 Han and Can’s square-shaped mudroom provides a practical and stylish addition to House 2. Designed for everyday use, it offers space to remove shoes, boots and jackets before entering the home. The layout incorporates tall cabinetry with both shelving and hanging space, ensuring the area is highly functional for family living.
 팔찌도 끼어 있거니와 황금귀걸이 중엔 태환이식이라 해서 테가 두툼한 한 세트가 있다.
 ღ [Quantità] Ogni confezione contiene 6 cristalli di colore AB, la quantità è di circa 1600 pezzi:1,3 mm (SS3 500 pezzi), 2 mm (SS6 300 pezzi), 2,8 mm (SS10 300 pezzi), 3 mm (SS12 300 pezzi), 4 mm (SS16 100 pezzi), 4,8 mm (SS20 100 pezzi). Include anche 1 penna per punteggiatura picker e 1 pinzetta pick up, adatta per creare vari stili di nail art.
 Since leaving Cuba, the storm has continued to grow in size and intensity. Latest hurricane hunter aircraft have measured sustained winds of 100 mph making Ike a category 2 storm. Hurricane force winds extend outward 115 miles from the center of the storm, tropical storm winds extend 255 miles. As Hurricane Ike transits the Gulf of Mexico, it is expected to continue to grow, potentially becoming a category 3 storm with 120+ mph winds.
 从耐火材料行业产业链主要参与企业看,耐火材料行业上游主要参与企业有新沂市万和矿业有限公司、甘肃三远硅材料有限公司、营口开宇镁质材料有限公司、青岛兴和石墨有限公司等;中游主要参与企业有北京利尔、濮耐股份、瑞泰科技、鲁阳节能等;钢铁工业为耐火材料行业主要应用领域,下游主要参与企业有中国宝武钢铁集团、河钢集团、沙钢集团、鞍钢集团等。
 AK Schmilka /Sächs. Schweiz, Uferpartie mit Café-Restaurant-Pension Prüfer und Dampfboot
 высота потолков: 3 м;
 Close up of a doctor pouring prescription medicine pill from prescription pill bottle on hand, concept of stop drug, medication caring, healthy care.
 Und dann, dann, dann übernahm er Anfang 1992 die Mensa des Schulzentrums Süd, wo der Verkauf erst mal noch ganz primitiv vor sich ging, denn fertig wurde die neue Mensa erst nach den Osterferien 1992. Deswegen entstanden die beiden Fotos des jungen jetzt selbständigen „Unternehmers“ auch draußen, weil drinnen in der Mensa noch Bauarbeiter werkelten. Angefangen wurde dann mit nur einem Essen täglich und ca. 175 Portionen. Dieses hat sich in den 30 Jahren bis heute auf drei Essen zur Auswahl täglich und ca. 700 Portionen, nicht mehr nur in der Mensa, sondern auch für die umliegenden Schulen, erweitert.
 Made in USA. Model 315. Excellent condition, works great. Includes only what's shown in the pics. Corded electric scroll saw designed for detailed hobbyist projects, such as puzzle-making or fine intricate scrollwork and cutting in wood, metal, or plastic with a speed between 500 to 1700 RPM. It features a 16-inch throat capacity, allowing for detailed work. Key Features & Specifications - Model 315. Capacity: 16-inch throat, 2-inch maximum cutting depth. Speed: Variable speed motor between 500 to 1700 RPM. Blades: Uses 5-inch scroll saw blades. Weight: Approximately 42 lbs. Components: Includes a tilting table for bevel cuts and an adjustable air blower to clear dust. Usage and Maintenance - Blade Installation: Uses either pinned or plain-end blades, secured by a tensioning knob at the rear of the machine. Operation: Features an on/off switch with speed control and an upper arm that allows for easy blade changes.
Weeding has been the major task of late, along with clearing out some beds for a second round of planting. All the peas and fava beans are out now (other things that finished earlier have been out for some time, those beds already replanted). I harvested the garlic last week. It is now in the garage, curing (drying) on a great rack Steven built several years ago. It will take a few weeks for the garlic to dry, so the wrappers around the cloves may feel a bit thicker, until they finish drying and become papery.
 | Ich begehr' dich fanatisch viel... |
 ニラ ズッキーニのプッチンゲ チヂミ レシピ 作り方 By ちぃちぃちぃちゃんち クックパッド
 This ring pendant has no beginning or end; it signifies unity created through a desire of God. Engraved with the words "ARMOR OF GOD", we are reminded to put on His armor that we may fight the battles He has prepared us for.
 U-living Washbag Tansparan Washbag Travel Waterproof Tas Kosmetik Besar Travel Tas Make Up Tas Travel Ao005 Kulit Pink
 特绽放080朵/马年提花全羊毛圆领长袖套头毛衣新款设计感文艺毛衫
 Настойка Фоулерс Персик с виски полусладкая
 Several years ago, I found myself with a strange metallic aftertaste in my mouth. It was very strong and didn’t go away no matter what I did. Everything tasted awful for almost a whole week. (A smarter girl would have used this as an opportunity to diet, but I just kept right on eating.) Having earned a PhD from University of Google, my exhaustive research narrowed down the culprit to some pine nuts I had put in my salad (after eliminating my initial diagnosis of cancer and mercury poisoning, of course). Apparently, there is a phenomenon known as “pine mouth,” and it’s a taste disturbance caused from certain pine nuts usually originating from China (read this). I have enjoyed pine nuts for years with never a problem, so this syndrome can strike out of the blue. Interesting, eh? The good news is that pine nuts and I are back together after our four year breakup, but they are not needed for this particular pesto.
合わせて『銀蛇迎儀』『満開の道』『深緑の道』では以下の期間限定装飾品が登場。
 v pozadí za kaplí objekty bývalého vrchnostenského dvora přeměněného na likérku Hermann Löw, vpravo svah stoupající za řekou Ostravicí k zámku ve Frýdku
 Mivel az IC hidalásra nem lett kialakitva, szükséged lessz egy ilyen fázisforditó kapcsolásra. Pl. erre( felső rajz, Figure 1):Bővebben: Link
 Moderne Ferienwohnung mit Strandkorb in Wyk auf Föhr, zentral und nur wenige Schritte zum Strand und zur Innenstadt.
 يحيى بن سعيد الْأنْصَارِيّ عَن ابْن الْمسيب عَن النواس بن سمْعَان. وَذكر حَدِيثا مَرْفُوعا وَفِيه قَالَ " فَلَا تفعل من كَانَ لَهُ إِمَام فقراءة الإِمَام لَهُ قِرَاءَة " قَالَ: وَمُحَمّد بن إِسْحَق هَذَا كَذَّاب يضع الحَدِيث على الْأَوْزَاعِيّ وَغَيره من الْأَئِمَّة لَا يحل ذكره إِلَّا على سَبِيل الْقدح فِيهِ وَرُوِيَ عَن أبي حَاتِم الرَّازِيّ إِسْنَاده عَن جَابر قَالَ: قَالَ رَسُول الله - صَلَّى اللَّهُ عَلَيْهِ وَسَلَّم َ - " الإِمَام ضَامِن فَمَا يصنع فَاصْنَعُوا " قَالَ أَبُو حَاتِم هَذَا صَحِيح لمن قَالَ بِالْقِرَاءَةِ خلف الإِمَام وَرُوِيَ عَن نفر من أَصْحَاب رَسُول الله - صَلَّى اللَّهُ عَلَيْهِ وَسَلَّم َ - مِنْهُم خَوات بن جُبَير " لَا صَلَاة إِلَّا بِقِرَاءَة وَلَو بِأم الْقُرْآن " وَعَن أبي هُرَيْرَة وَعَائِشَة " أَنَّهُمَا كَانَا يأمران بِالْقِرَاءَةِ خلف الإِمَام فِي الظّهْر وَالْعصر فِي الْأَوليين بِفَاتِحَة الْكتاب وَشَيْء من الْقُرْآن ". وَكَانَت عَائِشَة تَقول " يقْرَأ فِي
========================
Task item »
Would you copy the data exactly as shown above?

Task solution »
 Han and Can’s square-shaped mudroom provides a practical and stylish addition to House 2. Designed for everyday use, it offers space to remove shoes, boots and jackets before entering the home. The layout incorporates tall cabinetry with both shelving and hanging space, ensuring the area is highly functional for family living.
 팔찌도 끼어 있거니와 황금귀걸이 중엔 태환이식이라 해서 테가 두툼한 한 세트가 있다.
 ღ [Quantità] Ogni confezione contiene 6 cristalli di colore AB, la quantità è di circa 1600 pezzi:1,3 mm (SS3 500 pezzi), 2 mm (SS6 300 pezzi), 2,8 mm (SS10 300 pezzi), 3 mm (SS12 300 pezzi), 4 mm (SS16 100 pezzi), 4,8 mm (SS20 100 pezzi). Include anche 1 penna per punteggiatura picker e 1 pinzetta pick up, adatta per creare vari stili di nail art.
 Since leaving Cuba, the storm has continued to grow in size and intensity. Latest hurricane hunter aircraft have measured sustained winds of 100 mph making Ike a category 2 storm. Hurricane force winds extend outward 115 miles from the center of the storm, tropical storm winds extend 255 miles. As Hurricane Ike transits the Gulf of Mexico, it is expected to continue to grow, potentially becoming a category 3 storm with 120+ mph winds.
 从耐火材料行业产业链主要参与企业看,耐火材料行业上游主要参与企业有新沂市万和矿业有限公司、甘肃三远硅材料有限公司、营口开宇镁质材料有限公司、青岛兴和石墨有限公司等;中游主要参与企业有北京利尔、濮耐股份、瑞泰科技、鲁阳节能等;钢铁工业为耐火材料行业主要应用领域,下游主要参与企业有中国宝武钢铁集团、河钢集团、沙钢集团、鞍钢集团等。
 AK Schmilka /Sächs. Schweiz, Uferpartie mit Café-Restaurant-Pension Prüfer und Dampfboot
 высота потолков: 3 м;
 Close up of a doctor pouring prescription medicine pill from prescription pill bottle on hand, concept of stop drug, medication caring, healthy care.
 Und dann, dann, dann übernahm er Anfang 1992 die Mensa des Schulzentrums Süd, wo der Verkauf erst mal noch ganz primitiv vor sich ging, denn fertig wurde die neue Mensa erst nach den Osterferien 1992. Deswegen entstanden die beiden Fotos des jungen jetzt selbständigen „Unternehmers“ auch draußen, weil drinnen in der Mensa noch Bauarbeiter werkelten. Angefangen wurde dann mit nur einem Essen täglich und ca. 175 Portionen. Dieses hat sich in den 30 Jahren bis heute auf drei Essen zur Auswahl täglich und ca. 700 Portionen, nicht mehr nur in der Mensa, sondern auch für die umliegenden Schulen, erweitert.
 Made in USA. Model 315. Excellent condition, works great. Includes only what's shown in the pics. Corded electric scroll saw designed for detailed hobbyist projects, such as puzzle-making or fine intricate scrollwork and cutting in wood, metal, or plastic with a speed between 500 to 1700 RPM. It features a 16-inch throat capacity, allowing for detailed work. Key Features & Specifications - Model 315. Capacity: 16-inch throat, 2-inch maximum cutting depth. Speed: Variable speed motor between 500 to 1700 RPM. Blades: Uses 5-inch scroll saw blades. Weight: Approximately 42 lbs. Components: Includes a tilting table for bevel cuts and an adjustable air blower to clear dust. Usage and Maintenance - Blade Installation: Uses either pinned or plain-end blades, secured by a tensioning knob at the rear of the machine. Operation: Features an on/off switch with speed control and an upper arm that allows for easy blade changes.
Weeding has been the major task of late, along with clearing out some beds for a second round of planting. All the peas and fava beans are out now (other things that finished earlier have been out for some time, those beds already replanted). I harvested the garlic last week. It is now in the garage, curing (drying) on a great rack Steven built several years ago. It will take a few weeks for the garlic to dry, so the wrappers around the cloves may feel a bit thicker, until they finish drying and become papery.
 | Ich begehr' dich fanatisch viel... |
 ニラ ズッキーニのプッチンゲ チヂミ レシピ 作り方 By ちぃちぃちぃちゃんち クックパッド
 This ring pendant has no beginning or end; it signifies unity created through a desire of God. Engraved with the words "ARMOR OF GOD", we are reminded to put on His armor that we may fight the battles He has prepared us for.
 U-living Washbag Tansparan Washbag Travel Waterproof Tas Kosmetik Besar Travel Tas Make Up Tas Travel Ao005 Kulit Pink
 特绽放080朵/马年提花全羊毛圆领长袖套头毛衣新款设计感文艺毛衫
 Настойка Фоулерс Персик с виски полусладкая
 Several years ago, I found myself with a strange metallic aftertaste in my mouth. It was very strong and didn’t go away no matter what I did. Everything tasted awful for almost a whole week. (A smarter girl would have used this as an opportunity to diet, but I just kept right on eating.) Having earned a PhD from University of Google, my exhaustive research narrowed down the culprit to some pine nuts I had put in my salad (after eliminating my initial diagnosis of cancer and mercury poisoning, of course). Apparently, there is a phenomenon known as “pine mouth,” and it’s a taste disturbance caused from certain pine nuts usually originating from China (read this). I have enjoyed pine nuts for years with never a problem, so this syndrome can strike out of the blue. Interesting, eh? The good news is that pine nuts and I are back together after our four year breakup, but they are not needed for this particular pesto.
合わせて『銀蛇迎儀』『満開の道』『深緑の道』では以下の期間限定装飾品が登場。
 v pozadí za kaplí objekty bývalého vrchnostenského dvora přeměněného na likérku Hermann Löw, vpravo svah stoupající za řekou Ostravicí k zámku ve Frýdku
 Mivel az IC hidalásra nem lett kialakitva, szükséged lessz egy ilyen fázisforditó kapcsolásra. Pl. erre( felső rajz, Figure 1):Bővebben: Link
 Moderne Ferienwohnung mit Strandkorb in Wyk auf Föhr, zentral und nur wenige Schritte zum Strand und zur Innenstadt.
 يحيى بن سعيد الْأنْصَارِيّ عَن ابْن الْمسيب عَن النواس بن سمْعَان. وَذكر حَدِيثا مَرْفُوعا وَفِيه قَالَ " فَلَا تفعل من كَانَ لَهُ إِمَام فقراءة الإِمَام لَهُ قِرَاءَة " قَالَ: وَمُحَمّد بن إِسْحَق هَذَا كَذَّاب يضع الحَدِيث على الْأَوْزَاعِيّ وَغَيره من الْأَئِمَّة لَا يحل ذكره إِلَّا على سَبِيل الْقدح فِيهِ وَرُوِيَ عَن أبي حَاتِم الرَّازِيّ إِسْنَاده عَن جَابر قَالَ: قَالَ رَسُول الله - صَلَّى اللَّهُ عَلَيْهِ وَسَلَّم َ - " الإِمَام ضَامِن فَمَا يصنع فَاصْنَعُوا " قَالَ أَبُو حَاتِم هَذَا صَحِيح لمن قَالَ بِالْقِرَاءَةِ خلف الإِمَام وَرُوِيَ عَن نفر من أَصْحَاب رَسُول الله - صَلَّى اللَّهُ عَلَيْهِ وَسَلَّم َ - مِنْهُم خَوات بن جُبَير " لَا صَلَاة إِلَّا بِقِرَاءَة وَلَو بِأم الْقُرْآن " وَعَن أبي هُرَيْرَة وَعَائِشَة " أَنَّهُمَا كَانَا يأمران بِالْقِرَاءَةِ خلف الإِمَام فِي الظّهْر وَالْعصر فِي الْأَوليين بِفَاتِحَة الْكتاب وَشَيْء من الْقُرْآن ". وَكَانَت عَائِشَة تَقول " يقْرَأ فِي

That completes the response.